__TASK REQUIREMENTS__
Every line from the one containing "豊玉中公園庭球場では、令和7" to the end of the records below must be copied exactly, and no pictures may be included.

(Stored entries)
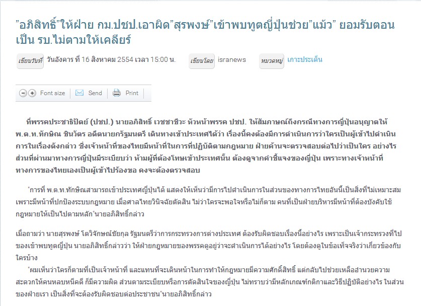 ว่าใช้อิทธิพลให้ทักษิณเข้าญี่ปุ่น ผิดกฏหมาย..ว่างั้น
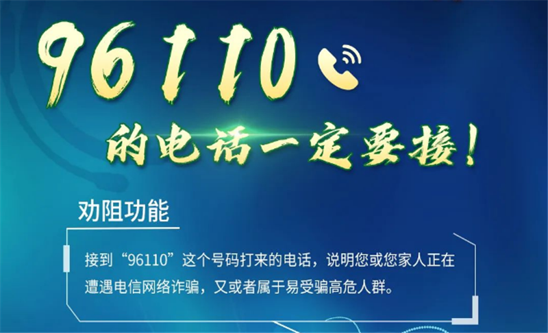 公安機關提醒:96110是官方預警勸阻專線,如接到“96110”號碼來電,說明機主本人或其家人正遭遇電信網絡詐騙,請一定及時接聽并耐心聽取民警的勸阻提示,避免上當受騙。
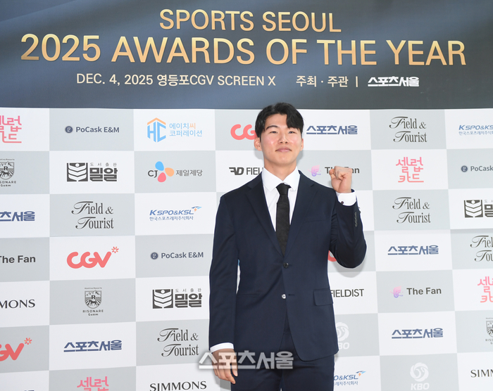 김혜성은 4일 서울 영등포 타임스퀘어 CGV 영등포 스크린X관에서 열린 ‘스포츠서울 올해의 상’ 시상식에서 한국인 야수 최초로 WS 우승의 일원이 된 공로를 인정받아 특별상 트로피를 들어 올렸다. 오랜만에 나선 국내 공식 석상에서 수상하며 의미를 더했다.
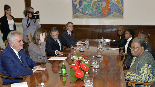 „Наша намера да будемо пуноправни члан ЕУ је искрена, али нас непрестано суочавају са условима да се та наша жеља оствари. Када бисмо нашим искреним пријатељима увели санкције, то нам не би донело нове пријатеље, већ бисмо, осим пријатељства, изгубили велику подршку у међународним односима“, рекао је Николић током састанка са потпредседницом Владе Намибије и министарком спољних послова Нетумбом Нанди Ндаитве.
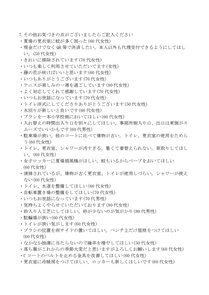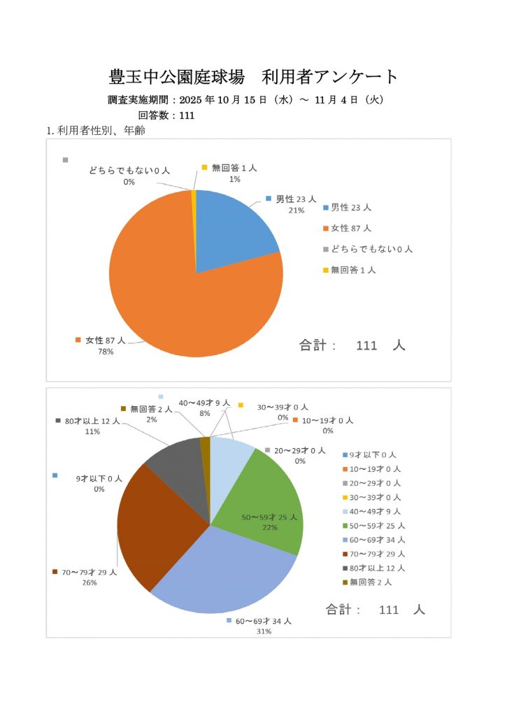 豊玉中公園庭球場では、令和7年10月に利用者アンケートを実施しました。その結果をご報告します。
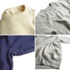 新ブランドオールドバットゴールドより、クルースウェットをご紹介。一番の特徴は、和歌山にある貴重な吊り編み機で編まれた丸胴ボディ。肉厚で弾力があり、フワリとした生地感は、着心地抜群。首元はガゼット(汗止め)が前後に付く両Vで、貼り付けではなくはめ込みです。縫い目は強固かつ、ストレスフリーな4本針フラットシーマー。首から袖下に向けS字に伸びるフリーダムスリーブは動き易く、ナチュラルで綺麗なシルエットを描きます。いずれも1960年代以前のヴィンテージスウェットに見られたディティールばかり。国産ならではの高い技術を用い、手間をかけて作られた逸品で、長くご愛用頂けると同時にエイジングも楽しみな一枚となっています。

__COMPLETED EXERCISE__
 豊玉中公園庭球場では、令和7年10月に利用者アンケートを実施しました。その結果をご報告します。
 新ブランドオールドバットゴールドより、クルースウェットをご紹介。一番の特徴は、和歌山にある貴重な吊り編み機で編まれた丸胴ボディ。肉厚で弾力があり、フワリとした生地感は、着心地抜群。首元はガゼット(汗止め)が前後に付く両Vで、貼り付けではなくはめ込みです。縫い目は強固かつ、ストレスフリーな4本針フラットシーマー。首から袖下に向けS字に伸びるフリーダムスリーブは動き易く、ナチュラルで綺麗なシルエットを描きます。いずれも1960年代以前のヴィンテージスウェットに見られたディティールばかり。国産ならではの高い技術を用い、手間をかけて作られた逸品で、長くご愛用頂けると同時にエイジングも楽しみな一枚となっています。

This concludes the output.